Она подала ему руку, а потом как ни в чем не бывало повернулась к детям. Он поднял саквояж и вышел из комнаты. И вот уже Марти и Вирзих покинули виллу «Под вечерней звездой».
Выйдя на проезжую дорогу, Йозеф на миг остановился, достал из кармана одну из тоблеровских сигар, закурил и еще раз оглянулся на дом, мысленно посылая ему последнее прости. И они зашагали дальше.
Якоб фон Гунтен
© Перевод Ю. Архипова
Многому здесь не научишься, учителей не хватает, и ничего-то из нас, мальчиков из пансиона Беньяменты, не получится, то есть в будущем все мы станем людьми очень маленькими и зависимыми. Учение, которым нас тут потчуют, сводится главным делом к тому, чтобы вдолбить нам терпение и послушание, две добродетели, которые не всегда, скорее крайне редко, обещают успех. Успехи на поприще душевного совершенствования? Положим, но что в них проку? Сыт ими не будешь. А я бы хотел быть богатым, разъезжать в карете, сорить деньгами. Как-то раз я признался в этом Краусу, своему однокашнику, но тот только презрительно пожал плечами и не удостоил меня ответом. У Крауса твердые убеждения, он крепко держит поводья, оседлав довольствование малым, а это тот конь, которым любителей галопа не приманишь. Правда, за то время, что я здесь, в пансионе Беньяменты, я и в себе замечаю загадочные перемены. И меня заразило это странное, до сих пор неведомое мне смирение. И я повинуюсь уже вполне сносно, хоть и не так истово, как Краус, который очертя голову несется выполнять любое начальственное приказание. Все мы, ученики, — и Краус, и Шахт, и Жилинский, и Фукс, и длинный Петер, и я, и так далее — все мы схожи в одном; мы абсолютно бедны и зависимы. Маленькие мы люди, маленькие настолько, что ни о каком достоинстве не может быть и речи. У кого в кошельке заводится марка, на того смотрят как на баловня-принца. И с жалостью — на того, кто, как я, тратится на сигареты. Мы носим форму. Это обстоятельство и унижает и возвышает нас в одно и то же время. Мы выглядим в ней, как невольники, и это, возможно, стыд, но мы выглядим в ней опрятно, и это отделяет нас от глубокого стыда людей, которые ходят хоть и в своем собственном, но таком грязном и рваном тряпье.

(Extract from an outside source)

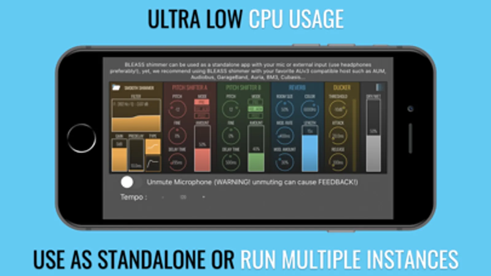 *NOTE: this is an Audio Unit Effect Plugin (AUv3) which requires a compatible host such as AUM, Audiobus, GarageBand, Cubasis, BM3 and Auria. You can also use the BLEASS Shimmer as a standalone app using headphones and mic or an external sound card.*

Мне, например, очень приятно носить форму, потому что раньше, бывало, я никогда не знал, что надеть. Но и в этом отношении я для себя пока большая загадка. Быть может, во мне сидит совершенно дрянной и подлый человечишка. А может, во мне течет голубая кровь. Не знаю. Но одно я знаю наверное: в будущей жизни из меня выйдет такой симпатичный кругленький нуль. На старости лет я буду прислуживать молодым, самодовольным, дурно воспитанным грубиянам, или буду побираться, или просто погибну.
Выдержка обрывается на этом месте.